■ **STORED DATA**:

+ + + + +

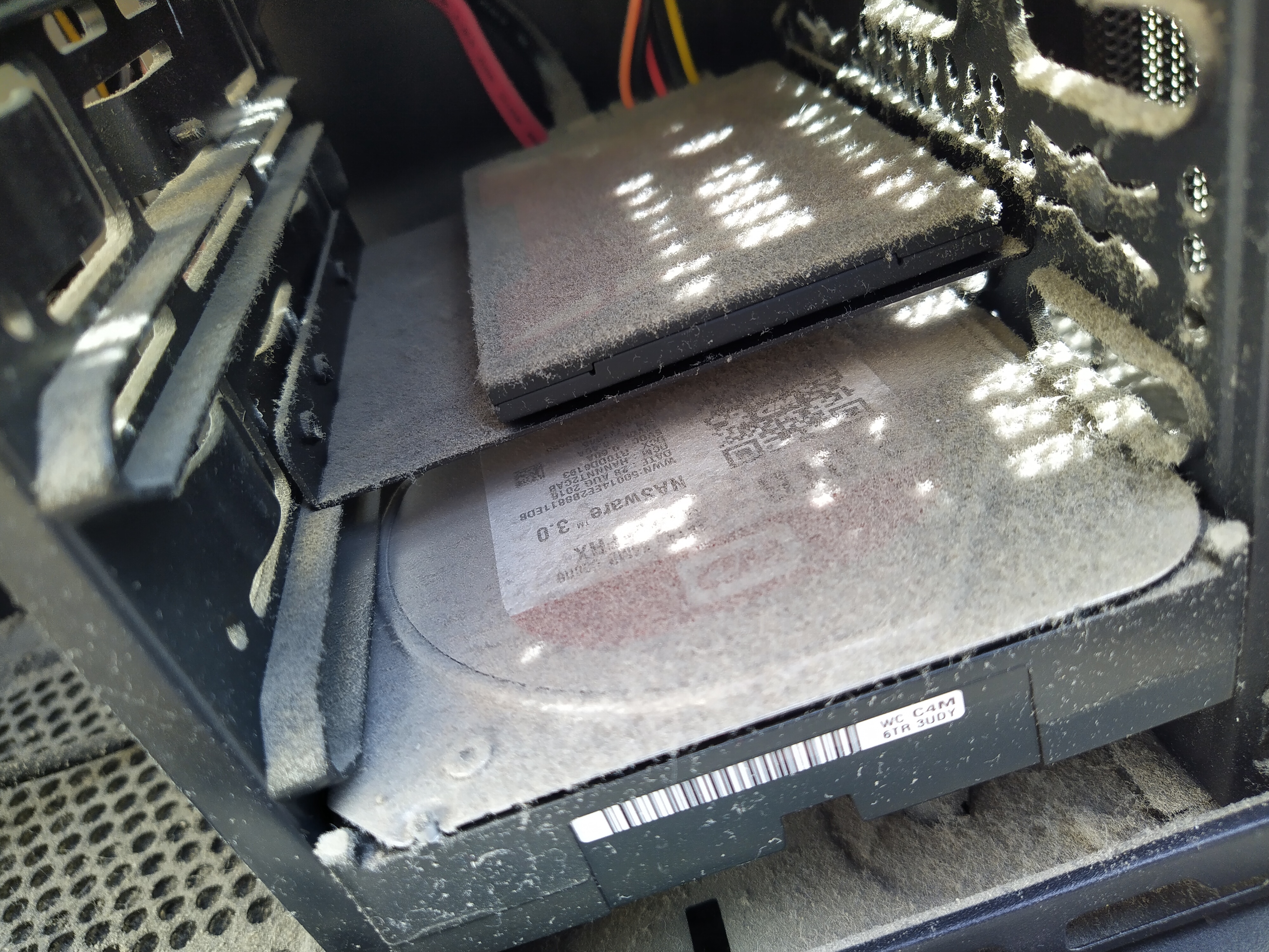 Počítač jsem musel nejprve zbavit nánosů prachu. Kromě příjemnější práce pro mě to má i svoje technické důvody. Prach je totiž zabiják elektroniky. Jediný důvod, proč elektronika odchází je teplotní namáhání. Deska plošných spojů se s rostoucím teplem roztahuje, a když chladne tak se zase smršťuje. Tepelná dilatace. No a jednou se nějaký spoj přeruší, a porucha je na světě.
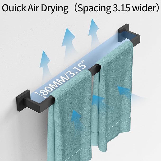 - 【PERFECT DETIAL】Our Matte Black towel bar is designed with screw assembly rather than welding, making it more strong & load-bearing capacity than other models on the market.Each double towel bar features an ultra-high temperature matte black finish, offering a smooth and elegant appearance that resists oxidation, fading, and chipping
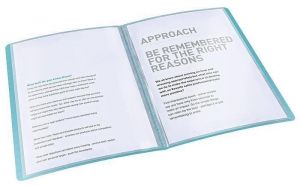 Vlastnosti: 40 integrovaných kapes; povrch s embosovaným vzorem; samolepící hřbetní štítek určený k popisu;
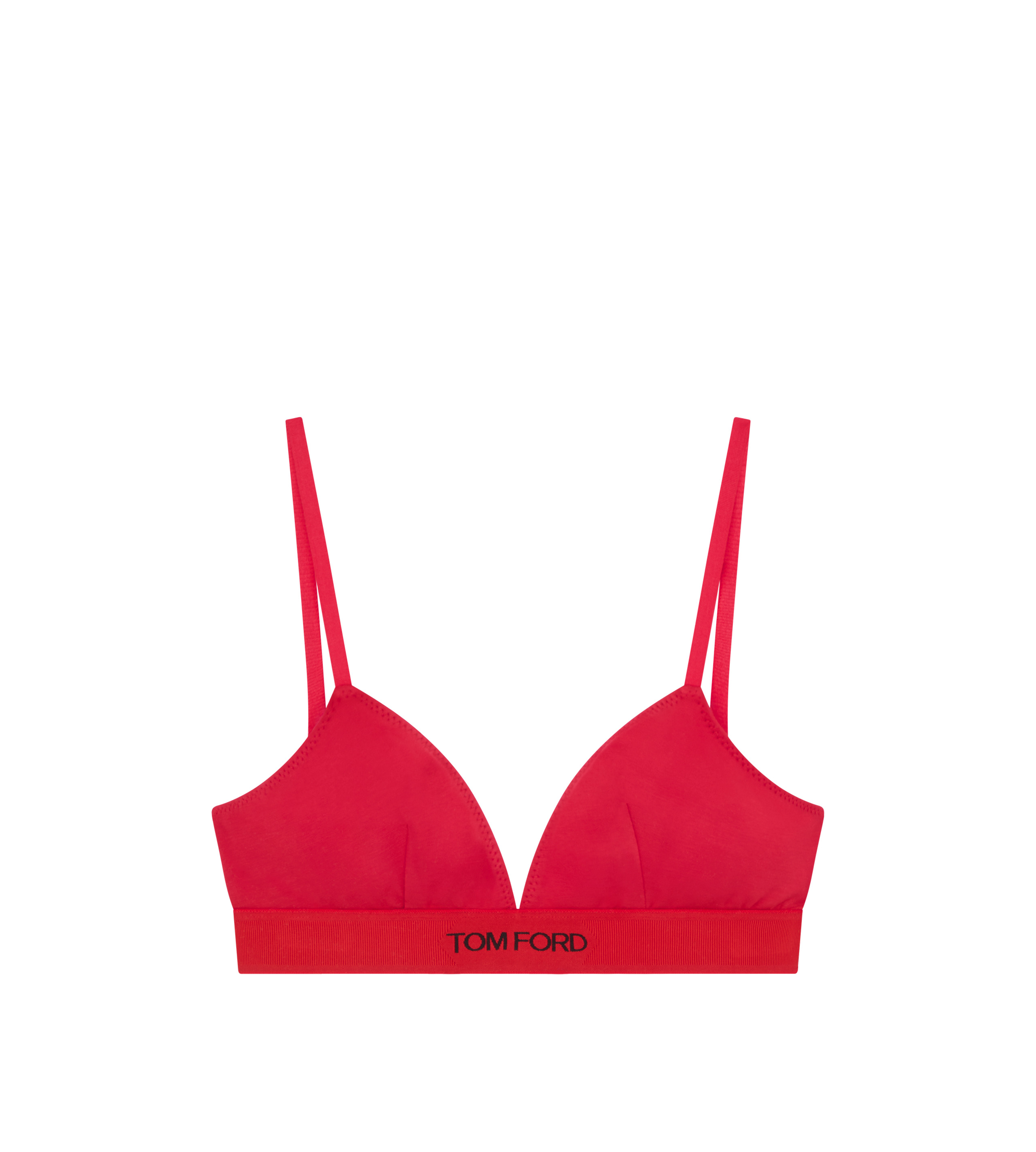 - STRETCH BRA - ELASTICATED BAND WITH TOM FORD JACQUARD LABEL - ELASTIC ADJUSTABLE STRAPS - CENTRE BACK GOLD METAL LOGOED HOOK FOR CLOSURE - GOLD METAL HARDWARE - CRAFTED IN MODAL - 97% MODAL 3% ELASTANE

+ + + + +

■ **PROBLEM DESCRIPTION**: Exactly as given, transcribe every line of the data, but not its images.

■ **WRITTEN SOLUTION**:
 Počítač jsem musel nejprve zbavit nánosů prachu. Kromě příjemnější práce pro mě to má i svoje technické důvody. Prach je totiž zabiják elektroniky. Jediný důvod, proč elektronika odchází je teplotní namáhání. Deska plošných spojů se s rostoucím teplem roztahuje, a když chladne tak se zase smršťuje. Tepelná dilatace. No a jednou se nějaký spoj přeruší, a porucha je na světě.
 - 【PERFECT DETIAL】Our Matte Black towel bar is designed with screw assembly rather than welding, making it more strong & load-bearing capacity than other models on the market.Each double towel bar features an ultra-high temperature matte black finish, offering a smooth and elegant appearance that resists oxidation, fading, and chipping
 Vlastnosti: 40 integrovaných kapes; povrch s embosovaným vzorem; samolepící hřbetní štítek určený k popisu;
 - STRETCH BRA - ELASTICATED BAND WITH TOM FORD JACQUARD LABEL - ELASTIC ADJUSTABLE STRAPS - CENTRE BACK GOLD METAL LOGOED HOOK FOR CLOSURE - GOLD METAL HARDWARE - CRAFTED IN MODAL - 97% MODAL 3% ELASTANE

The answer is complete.